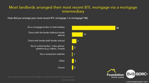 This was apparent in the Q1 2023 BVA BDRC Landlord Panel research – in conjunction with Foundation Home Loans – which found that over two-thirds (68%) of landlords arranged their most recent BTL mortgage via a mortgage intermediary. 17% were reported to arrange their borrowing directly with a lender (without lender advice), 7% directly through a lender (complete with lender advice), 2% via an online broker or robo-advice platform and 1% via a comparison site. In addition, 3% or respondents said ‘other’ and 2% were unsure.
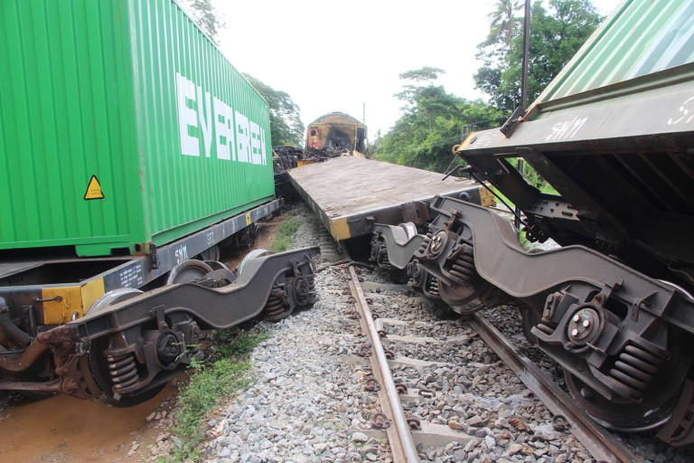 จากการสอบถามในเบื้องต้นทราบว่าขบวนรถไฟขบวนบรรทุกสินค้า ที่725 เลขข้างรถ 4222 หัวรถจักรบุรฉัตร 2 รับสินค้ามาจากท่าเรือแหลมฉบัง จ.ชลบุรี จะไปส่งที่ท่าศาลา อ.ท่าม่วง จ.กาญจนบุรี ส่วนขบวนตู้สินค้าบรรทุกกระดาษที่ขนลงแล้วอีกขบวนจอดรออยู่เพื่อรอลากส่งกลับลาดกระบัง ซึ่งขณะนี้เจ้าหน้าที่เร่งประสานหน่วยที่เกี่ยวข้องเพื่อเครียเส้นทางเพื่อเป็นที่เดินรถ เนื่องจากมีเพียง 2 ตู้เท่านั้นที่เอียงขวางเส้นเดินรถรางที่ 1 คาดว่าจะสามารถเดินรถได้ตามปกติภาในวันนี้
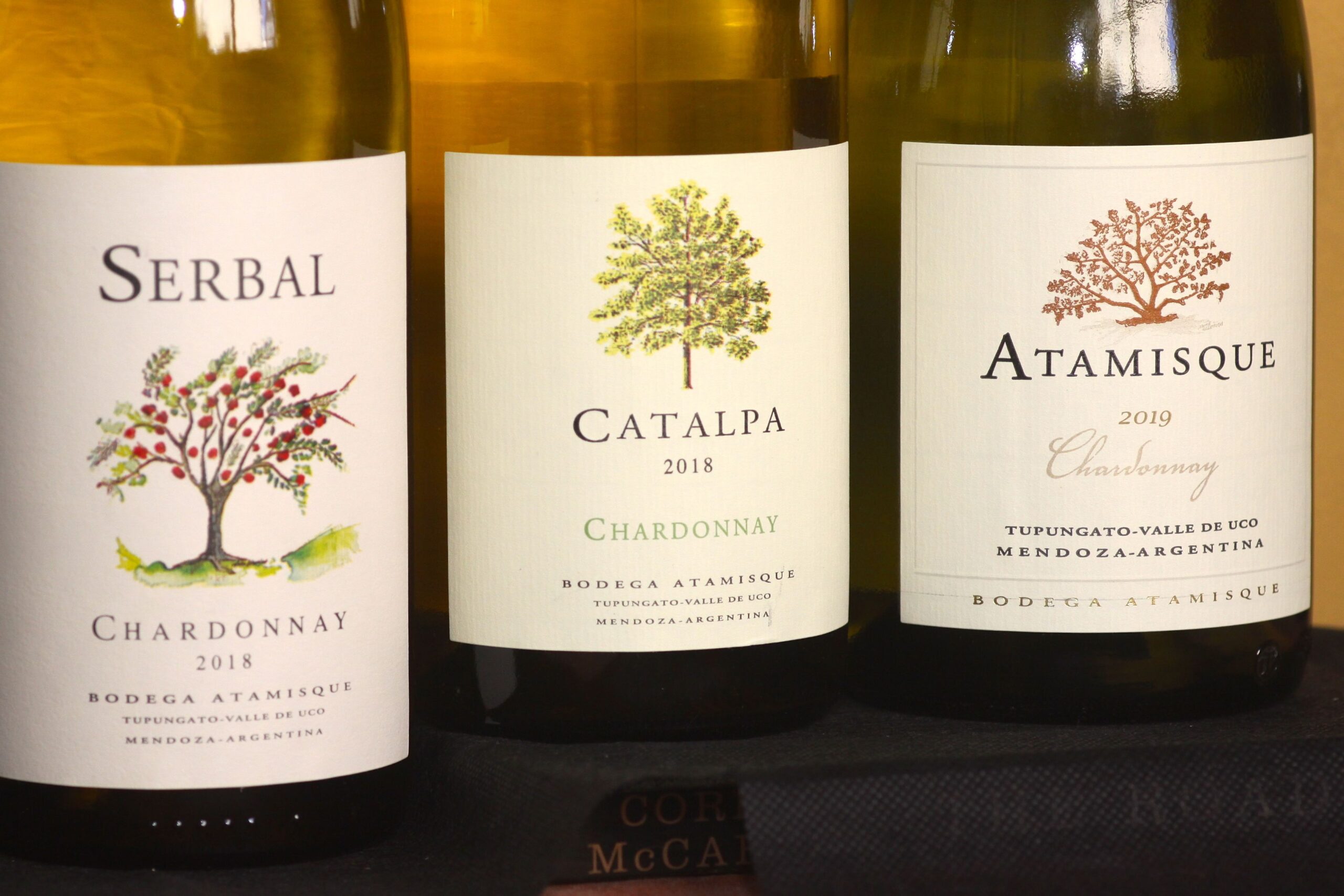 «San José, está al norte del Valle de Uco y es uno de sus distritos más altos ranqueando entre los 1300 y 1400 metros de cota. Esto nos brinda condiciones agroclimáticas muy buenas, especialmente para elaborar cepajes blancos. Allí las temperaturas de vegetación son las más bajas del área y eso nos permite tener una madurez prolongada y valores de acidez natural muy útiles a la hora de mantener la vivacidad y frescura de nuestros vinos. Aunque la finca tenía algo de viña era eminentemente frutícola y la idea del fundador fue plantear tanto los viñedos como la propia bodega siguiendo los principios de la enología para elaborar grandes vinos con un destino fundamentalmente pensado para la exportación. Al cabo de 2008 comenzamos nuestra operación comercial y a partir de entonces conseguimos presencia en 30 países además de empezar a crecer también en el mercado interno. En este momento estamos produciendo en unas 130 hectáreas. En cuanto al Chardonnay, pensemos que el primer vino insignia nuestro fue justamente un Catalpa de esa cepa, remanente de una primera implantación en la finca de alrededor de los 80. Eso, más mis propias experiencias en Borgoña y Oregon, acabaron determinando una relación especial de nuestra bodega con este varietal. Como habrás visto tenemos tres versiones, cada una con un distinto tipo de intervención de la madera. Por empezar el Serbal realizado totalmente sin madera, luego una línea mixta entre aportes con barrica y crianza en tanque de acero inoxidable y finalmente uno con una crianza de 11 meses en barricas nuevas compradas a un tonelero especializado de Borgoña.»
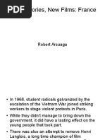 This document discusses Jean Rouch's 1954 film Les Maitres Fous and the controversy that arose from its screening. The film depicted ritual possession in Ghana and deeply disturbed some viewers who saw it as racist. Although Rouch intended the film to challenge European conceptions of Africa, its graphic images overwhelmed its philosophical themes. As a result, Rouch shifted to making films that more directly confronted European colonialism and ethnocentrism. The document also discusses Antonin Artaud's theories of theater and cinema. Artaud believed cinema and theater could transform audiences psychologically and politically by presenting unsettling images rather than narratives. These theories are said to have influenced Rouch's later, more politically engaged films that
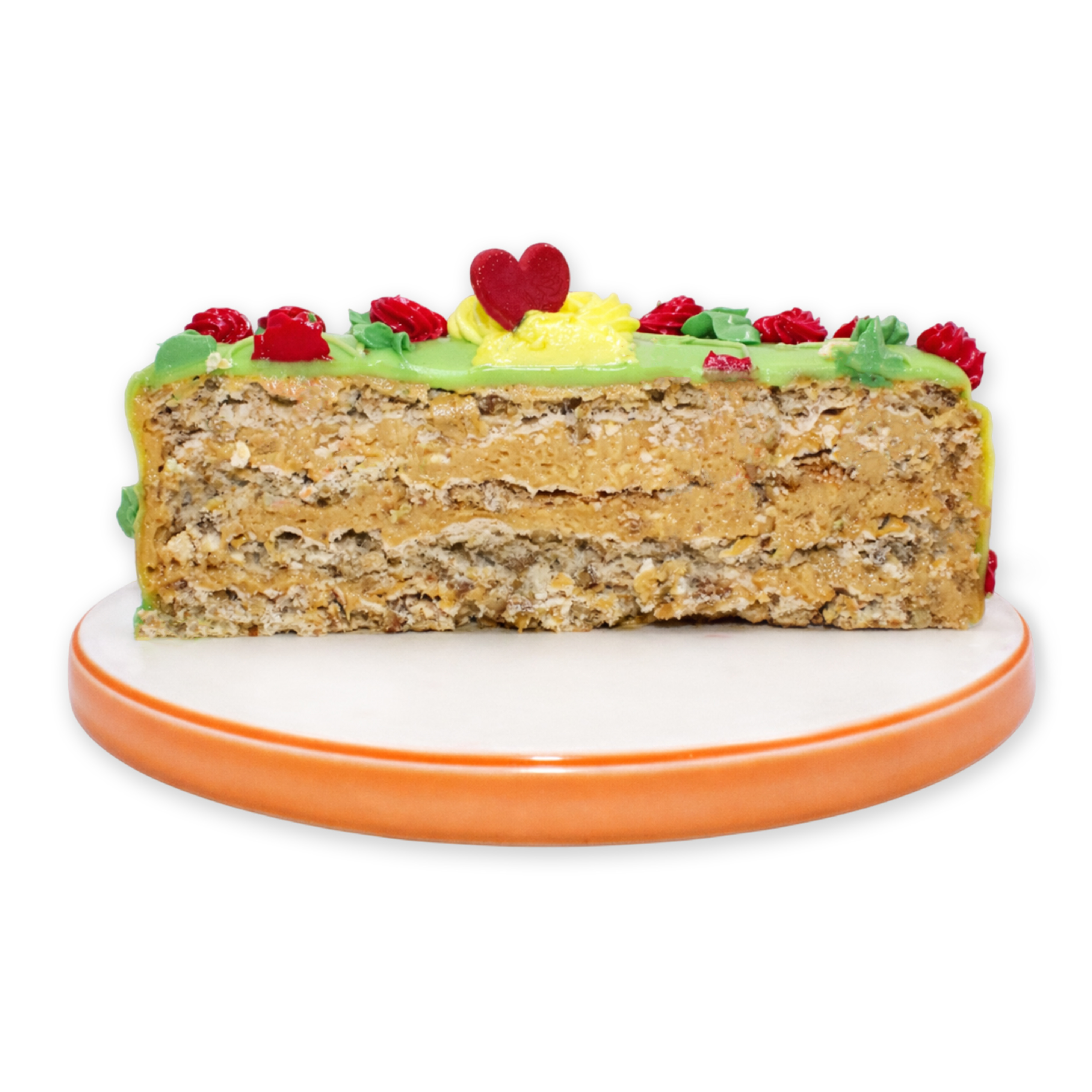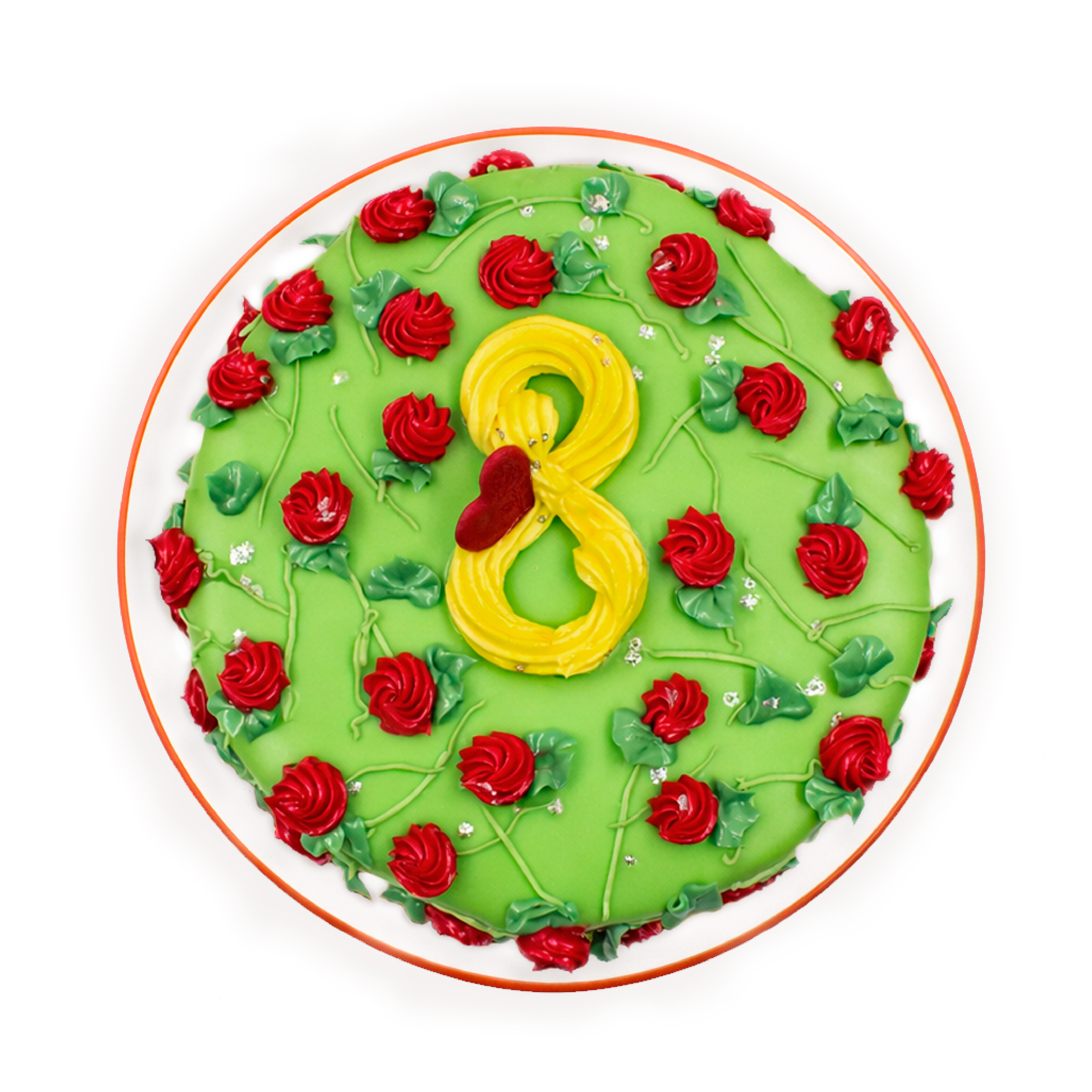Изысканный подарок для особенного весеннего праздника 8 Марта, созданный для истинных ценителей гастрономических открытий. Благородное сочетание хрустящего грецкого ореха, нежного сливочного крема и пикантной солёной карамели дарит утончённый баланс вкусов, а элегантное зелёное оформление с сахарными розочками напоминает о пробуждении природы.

____________

◆ EXERCISE DETAILS: Would you output each entry exactly and leave the pictures behind?

◆ YOUR RESPONSE:
 This was apparent in the Q1 2023 BVA BDRC Landlord Panel research – in conjunction with Foundation Home Loans – which found that over two-thirds (68%) of landlords arranged their most recent BTL mortgage via a mortgage intermediary. 17% were reported to arrange their borrowing directly with a lender (without lender advice), 7% directly through a lender (complete with lender advice), 2% via an online broker or robo-advice platform and 1% via a comparison site. In addition, 3% or respondents said ‘other’ and 2% were unsure.
 จากการสอบถามในเบื้องต้นทราบว่าขบวนรถไฟขบวนบรรทุกสินค้า ที่725 เลขข้างรถ 4222 หัวรถจักรบุรฉัตร 2 รับสินค้ามาจากท่าเรือแหลมฉบัง จ.ชลบุรี จะไปส่งที่ท่าศาลา อ.ท่าม่วง จ.กาญจนบุรี ส่วนขบวนตู้สินค้าบรรทุกกระดาษที่ขนลงแล้วอีกขบวนจอดรออยู่เพื่อรอลากส่งกลับลาดกระบัง ซึ่งขณะนี้เจ้าหน้าที่เร่งประสานหน่วยที่เกี่ยวข้องเพื่อเครียเส้นทางเพื่อเป็นที่เดินรถ เนื่องจากมีเพียง 2 ตู้เท่านั้นที่เอียงขวางเส้นเดินรถรางที่ 1 คาดว่าจะสามารถเดินรถได้ตามปกติภาในวันนี้
 «San José, está al norte del Valle de Uco y es uno de sus distritos más altos ranqueando entre los 1300 y 1400 metros de cota. Esto nos brinda condiciones agroclimáticas muy buenas, especialmente para elaborar cepajes blancos. Allí las temperaturas de vegetación son las más bajas del área y eso nos permite tener una madurez prolongada y valores de acidez natural muy útiles a la hora de mantener la vivacidad y frescura de nuestros vinos. Aunque la finca tenía algo de viña era eminentemente frutícola y la idea del fundador fue plantear tanto los viñedos como la propia bodega siguiendo los principios de la enología para elaborar grandes vinos con un destino fundamentalmente pensado para la exportación. Al cabo de 2008 comenzamos nuestra operación comercial y a partir de entonces conseguimos presencia en 30 países además de empezar a crecer también en el mercado interno. En este momento estamos produciendo en unas 130 hectáreas. En cuanto al Chardonnay, pensemos que el primer vino insignia nuestro fue justamente un Catalpa de esa cepa, remanente de una primera implantación en la finca de alrededor de los 80. Eso, más mis propias experiencias en Borgoña y Oregon, acabaron determinando una relación especial de nuestra bodega con este varietal. Como habrás visto tenemos tres versiones, cada una con un distinto tipo de intervención de la madera. Por empezar el Serbal realizado totalmente sin madera, luego una línea mixta entre aportes con barrica y crianza en tanque de acero inoxidable y finalmente uno con una crianza de 11 meses en barricas nuevas compradas a un tonelero especializado de Borgoña.»
 This document discusses Jean Rouch's 1954 film Les Maitres Fous and the controversy that arose from its screening. The film depicted ritual possession in Ghana and deeply disturbed some viewers who saw it as racist. Although Rouch intended the film to challenge European conceptions of Africa, its graphic images overwhelmed its philosophical themes. As a result, Rouch shifted to making films that more directly confronted European colonialism and ethnocentrism. The document also discusses Antonin Artaud's theories of theater and cinema. Artaud believed cinema and theater could transform audiences psychologically and politically by presenting unsettling images rather than narratives. These theories are said to have influenced Rouch's later, more politically engaged films that
Изысканный подарок для особенного весеннего праздника 8 Марта, созданный для истинных ценителей гастрономических открытий. Благородное сочетание хрустящего грецкого ореха, нежного сливочного крема и пикантной солёной карамели дарит утончённый баланс вкусов, а элегантное зелёное оформление с сахарными розочками напоминает о пробуждении природы.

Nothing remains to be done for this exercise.